- [Problem description]:
Restate word for word the entries below, starting with the line with "Trump a repostat" and continuing through the line with "すぐ前が魚影の濃い洲本港、". Include both of those lines and no others.

- [Record set]:
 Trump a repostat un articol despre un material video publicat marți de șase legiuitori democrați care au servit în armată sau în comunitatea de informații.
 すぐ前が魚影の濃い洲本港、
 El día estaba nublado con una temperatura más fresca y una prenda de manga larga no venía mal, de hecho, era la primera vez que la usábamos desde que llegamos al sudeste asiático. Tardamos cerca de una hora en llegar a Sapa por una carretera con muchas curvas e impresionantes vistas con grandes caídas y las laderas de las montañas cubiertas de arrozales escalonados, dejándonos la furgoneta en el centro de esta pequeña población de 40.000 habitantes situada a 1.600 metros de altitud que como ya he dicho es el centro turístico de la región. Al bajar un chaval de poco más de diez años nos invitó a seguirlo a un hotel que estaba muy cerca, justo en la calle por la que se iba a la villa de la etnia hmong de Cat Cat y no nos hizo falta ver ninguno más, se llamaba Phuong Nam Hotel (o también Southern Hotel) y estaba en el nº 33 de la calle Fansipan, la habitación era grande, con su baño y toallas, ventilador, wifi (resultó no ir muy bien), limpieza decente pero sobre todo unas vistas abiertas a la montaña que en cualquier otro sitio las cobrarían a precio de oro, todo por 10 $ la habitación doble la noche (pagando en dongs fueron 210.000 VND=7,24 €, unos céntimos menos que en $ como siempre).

--

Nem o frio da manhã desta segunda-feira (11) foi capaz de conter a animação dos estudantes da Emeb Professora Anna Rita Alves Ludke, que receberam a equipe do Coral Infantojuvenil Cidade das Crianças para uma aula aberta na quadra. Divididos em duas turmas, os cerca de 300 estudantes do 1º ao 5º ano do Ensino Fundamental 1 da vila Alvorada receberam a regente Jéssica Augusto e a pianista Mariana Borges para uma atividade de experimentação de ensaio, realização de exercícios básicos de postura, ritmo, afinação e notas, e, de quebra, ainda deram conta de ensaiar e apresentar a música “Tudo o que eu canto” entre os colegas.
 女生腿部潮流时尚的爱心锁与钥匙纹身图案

- [Result below]:
 Trump a repostat un articol despre un material video publicat marți de șase legiuitori democrați care au servit în armată sau în comunitatea de informații.
 すぐ前が魚影の濃い洲本港、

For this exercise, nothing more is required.